3.2. Celestia: Data Availability (DA) Proof

Celestia, a modular data availability layer, collaborated with RISC Zero to develop Blobstream Zero, a zkVM-based cross-chain messaging protocol.

In Blobstream Zero, Boundless provers prove off-chain that all transaction data within Celestia blocks is actually stored and maintained in the network, submitting this as compressed zero-knowledge proofs to other chains. Consequently, contracts on other chains can trust Celestia's data availability by simply verifying this small proof.

In particular, since Boundless zkVM can consolidate multiple DA verification tasks into a single proof, rollups or applications using Celestia as their DA layer can perform low-cost, high-trust data availability verification without directly storing entire data or complex sampling procedures.

Blobstream Zero is currently developed in open-source public form and is applied in the mainnet environment.

4. Competitive Environment and Differentiation Factors

Currently, the zkVM field includes several competitors such as Succinct's SP1, Polygon's Miden, and Scroll's zkEVM, with each project placing different strategic focuses for the success of their respective virtual machines.
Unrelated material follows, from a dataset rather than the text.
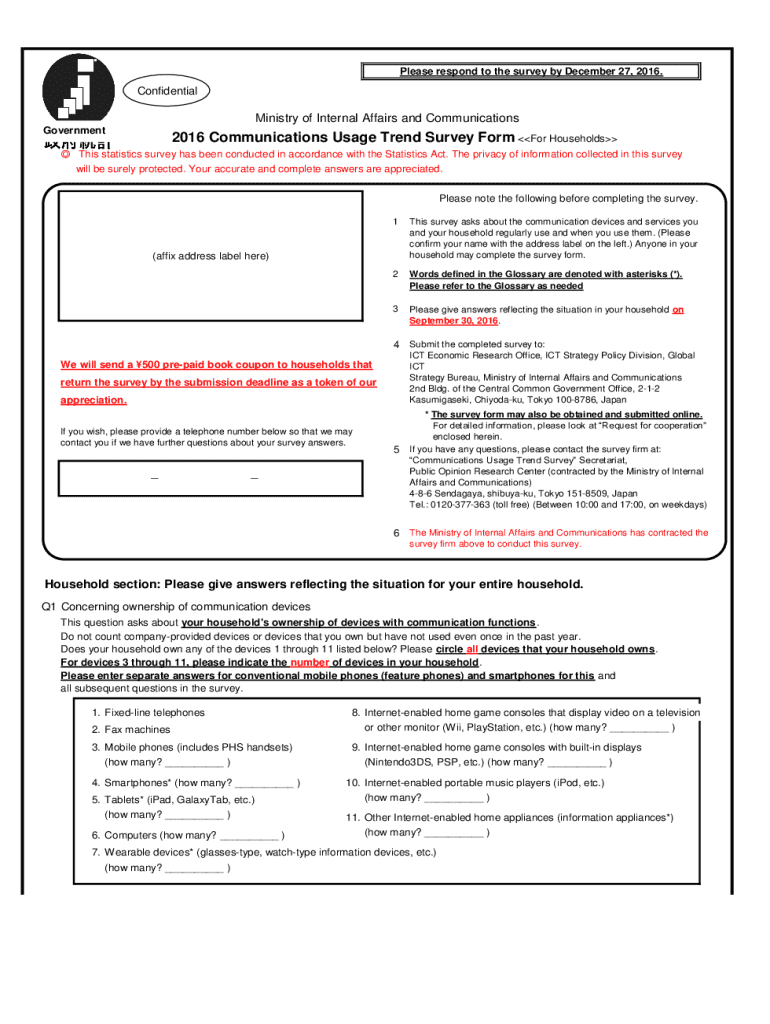 Please respond to the survey by December 27, 2016. ConfidentialMinistry of Internal Affairs and Communications Government2016 Communications Usage Trend Survey Form For Households This statistics

Boundless has three core distinguishing features compared to other competing projects:

• VM-Agnostic (Versatility): Provides a technical foundation that can perform computations and generate proofs regardless of VM (EVM, RISC-V, etc.) or blockchain environment
• Ecosystem Scalability: Builds an economic ecosystem where anyone can participate as a prover, perform computations, and receive rewards
• Open Marketplace: Designed so that the network is maintained and grows through voluntary motivation of market participants rather than subsidies from central entities, through a decentralized proof marketplace structure

In particular, it is encouraging that Boundless has built a virtuous cycle structure by applying the economic incentive model, which is the core driving force of the blockchain industry, to the proof generation market, where participants gain rewards for providing computational resources and the network achieves sustainable scalability and decentralization.

Through this, Boundless can be seen as executing a strategy to "create an economic network where anyone can supply and consume zero-knowledge proofs," going beyond the technical competition of "how fast is my zkVM." This approach positions Boundless as 'ZK Proof-as-a-Service'—a versatile and scalable infrastructure not confined to specific use cases.

5. Conclusion

Boundless presents a fundamental solution to blockchain scalability problems. By utilizing RISC Zero's zkVM technology to process complex computations off-chain and efficiently verify only result accuracy on-chain, it overcomes the structural limitations of existing blockchain networks like Ethereum.

Boundless's greatest differentiator is that it has built the zero-knowledge proof generation process into a decentralized proof market, going beyond simply improving technical performance. This system, where anyone can participate as a prover, provide computational resources, and receive compensation, establishes a sustainable foundation where the network can autonomously grow and be maintained without subsidies from central entities.

However, while Boundless has a vision to expand into various industrial fields such as AI, financial simulation, and large-scale data analysis, the demand and collaboration cases confirmed to date are concentrated within the blockchain industry. Therefore, it is necessary to closely monitor mainnet operation performance and proof of technical reliability regarding whether Boundless can actually expand beyond blockchain into traditional industry sectors.

If Boundless successfully addresses these challenges and is adopted across various industrial fields beyond blockchain, it is expected to become a major case demonstrating the potential for zkVM technology to establish itself as general-purpose computing infrastructure, while showing that verifiable computing provides practical value across industries.